# My Jupyterlite

## Introduction

As part of this course, throughout this juupyter notebook is where I will be able to demonstrate my knowledge acquired throughout the course.

## Programming Languages ​​Used in Data Sciences

The most used languages ​​in data science are the following:

- **Python:** One of the most popular languages ​​due to its simplicity and a wide range of specific libraries for data science, such as NumPy, Pandas, scikit-learn, TensorFlow, Keras, among others.

- **SQL:** Structured query language used to manage and manipulate relational databases.

- **Java:** Although less common, it is used in some big data applications and frameworks such as Hadoop.

- **C/C++:** Mainly used in cases where algorithm performance needs to be optimized, although it is not so common in data analysis.

- **R:** Used for the field of statistical analysis and data visualization.

## Libraries for Data Science

In data science, there are several specialized libraries that facilitate data analysis, manipulation, and visualization, as well as the construction of machine learning models.

### Data Manipulation and Analysis

- **Pandas (Python):** Essential library for the manipulation and analysis of tabular data. It provides data structures such as DataFrame and tools for cleaning, filtering, and transforming data.

- **NumPy (Python):** Library for working with multidimensional arrays and performing high-performance mathematical operations, such as linear algebra and basic statistics.

- **Dask (Python):** Extends the functionality of Pandas and NumPy for large data sets, allowing parallel processing.

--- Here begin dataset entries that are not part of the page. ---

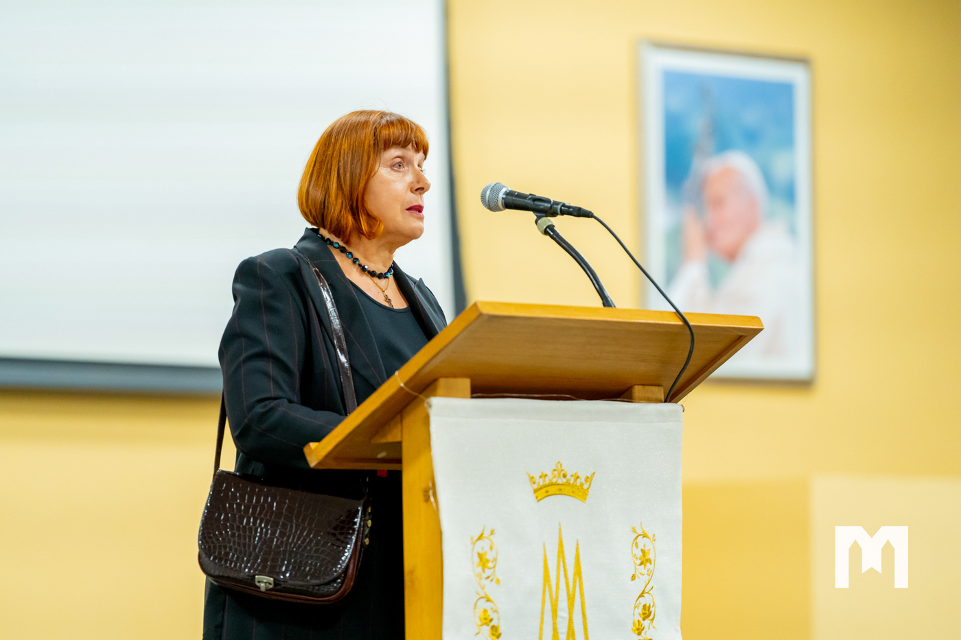 „S ovim filmom želimo potaknuti na proučavanje naše baštine. Film ćete večeras gledati na hrvatskom jeziku, ali filmovi su prevedeni, tako da imamo na talijanskom, njemačkom, engleskom… najviše na engleskom jeziku. Tako da i na taj način želimo popularizirati našu veliku pobožnost kroz stoljeća prema Blaženoj Djevici Mariji. Kada sam ovaj film snimala, iako je Zagreb moj rodni grad, tamo mi je u biti bilo najteže jer nas je Gospodin podsjetio da smo svi tako neznatni i prolazni, jer došao je potres, došla je korona, tako da je tada bilo najteže raditi, ali uz puno srca ipak se to napravilo, jer vjerujem da Božja providnost to vodi. Ja sam imala jedan strahovit nemir, počela sam raditi godinu dana prije, iako to nikada ne radim, jer nisam znala naravno da će biti potres i korona, ali htjela sam snimiti u katedrali svečanost proslave Gospe od Kamenitih vrata, zaštitnice grada, i procesiju, te smo uspjeli to snimiti. Kad smo počeli raditi film, kada je bilo odobreno kao projekt, tada od potresa više se ne bi to mogli snimiti. Tako da uvijek Božja providnost vodi kada se radi nešto lijepo i to neka vam bude jedan lijep poticaj u vašem Marijoljublju”, kazala je, između ostaloga, dr. sc. Hrvojka Mihanović-Salopek prije početka same projekcije.
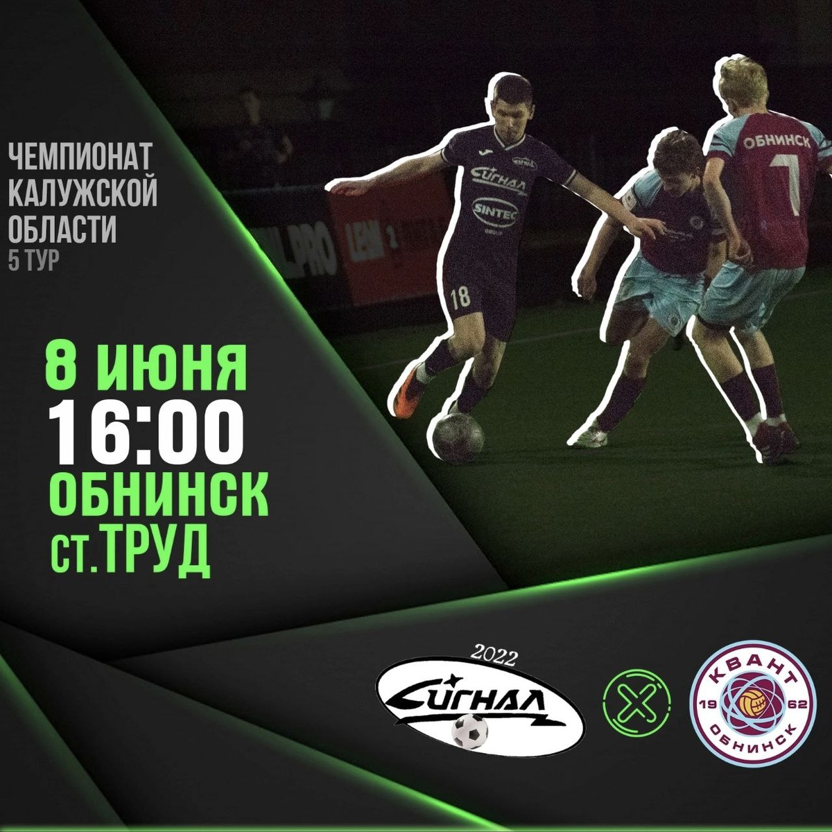 5 тур чемпионата Калужской Области. Встречается Обнинский "Сигнал" и Квант (молодёжный состав). Начало игры 16:00
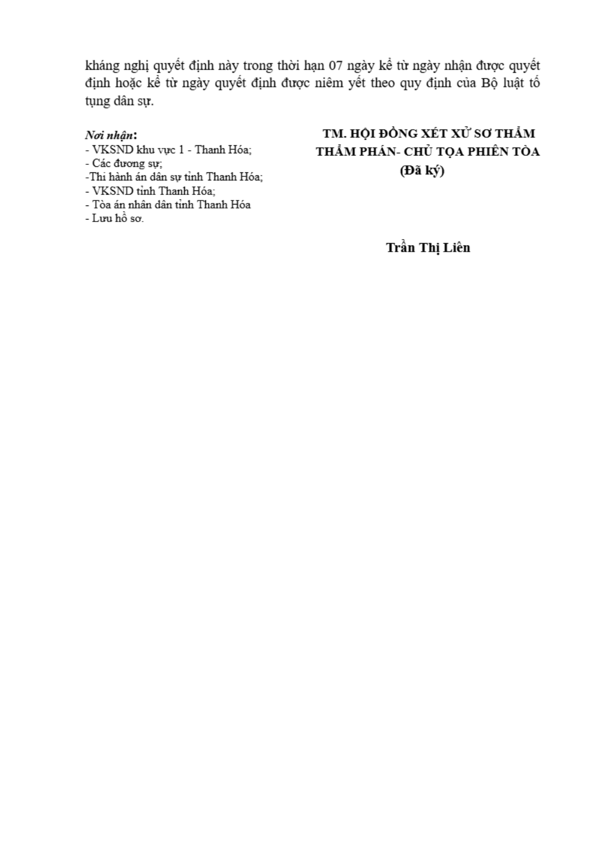 | Tòa án xét xử: | Tòa án nhân dân khu vực 1 - Thanh Hóa, tỉnh Thanh Hóa |

- **dplyr (R):** Package for efficient data manipulation in R, with functions similar to Pandas, such as filtering, grouping, and aggregating data.

- **data.table (R):** High-speed package for data manipulation, especially useful in large volumes.

### Data Visualization

- **Matplotlib (Python):** Standard library for creating simple graphs such as lines, bars, scatter, etc.

- **Seaborn (Python):** Extends Matplotlib to generate more aesthetic and detailed statistical graphs, facilitating the creation of heatmaps, box plots, etc.

- **Plotly (Python and R):** Tool for creating interactive 2D and 3D graphs, useful for web applications and dashboards.

- **ggplot2 (R):** One of the most powerful libraries for visualization in R, based on the grammar of graphics. It allows you to create complex and highly customizable graphs.

- **Bokeh (Python):** Tool for generating interactive and embeddable graphs in web applications.

### Machine Learning and AI

- **scikit-learn (Python):** One of the most popular libraries for machine learning in Python. It offers algorithms for classification, regression, clustering and dimensionality reduction.

- **TensorFlow (Python):** Machine learning and deep learning framework developed by Google. It is widely used to build neural networks and deep learning models.

- **Keras (Python):** High-level API that runs on top of TensorFlow or Theano, designed to facilitate the creation of neural networks.

- **PyTorch (Python):** Developed by Facebook, it is another deep learning framework, popular for its flexibility and ability to do research.

- **XGBoost (Python, R):** Fast and efficient implementation of gradient boosting, an algorithm widely used in machine learning competitions and for structured data.

- **lightgbm (Python, R):** Alternative to XGBoost, designed to be even more efficient and faster in handling large datasets.

- **Caret (R):** Package that simplifies the process of building and evaluating machine learning models in R, integrating various techniques and algorithms.

### Big Data

- **Apache Spark (Python, Scala, R, Java):** Framework for processing large volumes of data in parallel, ideal for machine learning and large-scale data analysis.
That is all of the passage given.